The interest needs to be disclosed and the person having such interest has to be kept
away from a meeting regarding the transaction in which he has such interest. This
does not mean that we prevent you from acquiring interest (as long as it is below 2%).
Contract in contravention to these conditions is voidable at the option of the company.
Director may also be punished if he fails the disclosure requirements. (Dabhol –
Disclosure requirements do not apply to private companies)
A company cannot give a loan to a director, nor can it help the director procure a loan
from somewhere else (indirect loan). The exception is that if as part of employment
contract, there is a clause agreed to giving loan or where the shareholders have agreed
to it that a loan be given (same thing because appointment has to be approved).

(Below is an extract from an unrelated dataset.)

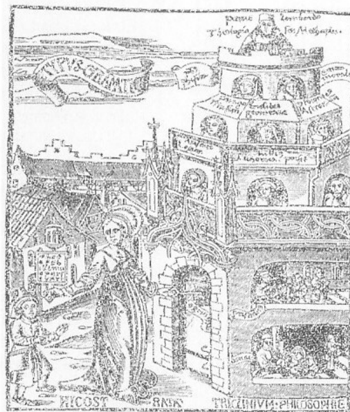
Abb. 1–3: Grammatica mit Schlüssel zum Grammatikturm (Freiburg i. B., um 1503)

Gleichzeitig zieht sich aber auch das Motiv des rechthaberischen Grammatikers von Antiphanes (s. o.) durch die Jahrhunderte. Im Bild des strafenden Magisters der Schulstube (Abb. 1–5) zeichnen sich die verändernden Lehr- und Lernbedingungen der Neuzeit ab: Anstatt dass Wissen und Erkenntnis wenigen Privilegierten vorbehalten sind (die sowieso lernen wollen), ist nun Bildung den meisten Mitgliedern der Gesellschaft zugänglich. Diese Demokratisierung des Lernens hat aber auch eine Verpflichtung zum Lernen (oder zumindest zum Schulbesuch) zur Folge 3 . In der Neuzeit entwickelt sich daher die Herausforderung an Lehrende, Bildungsgüter ansprechend und effizient zu vermitteln.

Shareholders cannot pass a resolution effectuating a loan to an independent director.
Exception applies to whole-time or managing directors.

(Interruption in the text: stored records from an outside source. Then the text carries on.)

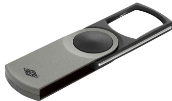
Rechtecklupe SWING-IT mit LED-Beleuchtung, silber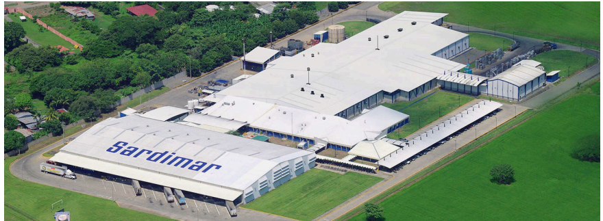
Alimentos ProSalud S.A., Puntarenas, Costa Rica.

Alimentos ProSalud S.A. es una planta procesadora de atún ubicada en Puntarenas, Costa Rica. Su prioridad es centrarse en procesos controlados de alta calidad. La certificación ISO 50001 ha sido un paso importante para mejorar el rendimiento y los indicadores en la caldera.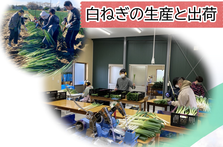
白ねぎの生産と出荷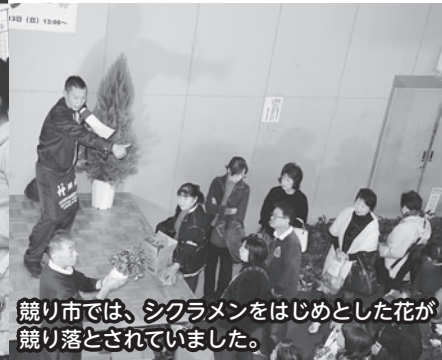
競り市では、シクラメンをはじめとした花が 競り落とされていました。

Companies who provide loans in their ordinary course of business are also exempted.
Also, a loan made by holding company to its wholly owned subsidiary provided that
the money is utilized towards principle business activities.
Section 188
Transactions can still be entered into with related parties, provided that the Board
consents to it.
When it is just the director on his own as an interested party; 188 includes director as
an interested party; interested director has a different implication than a director as a
related party. Related party director will be one who enters into related party
transaction under 2 (76)).
Consent of board or if Board is not there the general body i.e., shareholders (which is
difficult but not impossible) of the company, related party transactions (defined in 2
(76)) cannot be held.
Arm’s length basis: Dealing with a related party as you would with an unrelated party.
You still do your DD.
If a related party transaction is entered into by board or general body (which reserves
some related party transactions for its purview by way of proviso one which says that
if the transaction is beyond a certain sum we get to scrutinize, that cannot be voided
by the board), it is voidable on the behest of the general body or board as the case
may be.
STEPS:
Step 1:
S.184 – It is different from S.149 which provides for qualifications of a director
(mostly. Independent directors)
- Qualification is different from disclosure (the persons affected by S.184 are
already directors)
Step 2:
S.184(2) – in the event an interested director participates in a meeting, he/she is hit by
S.184. If such an interested director participates, the contract is voidable at the option
of the company.
Scenario: If the wife of a director is in the board of another company, that may be an
‘interest’ for an (independent) director, it would not be hit by S.184, since this section
covers the ‘pecuniary interest’ of the director.
Step 3:
If the transaction is between persons mentioned in S.2(76) i.e. “Related parties” then
it may be hit by Section 188.
S.188 includes independent directors and is any of the topics provided in S.188(1) are
part of the agenda of the meeting (post all disclosure requirements) then next will be –
Step 4:
Where we check for “Arms Length Transaction” as provided in provisio 4.
If it is an arms length transaction, then S.188 will not apply.
Step 5:
In the event it is not an arms length transaction then, we need to check the approval
and whether if it was given by the BoD or in AGM [S.188(1)].
Step 6:
Somewhat an exception, provisio 3 provides that there is no conflict if 90% of the
members of the company are relatives of the promoters.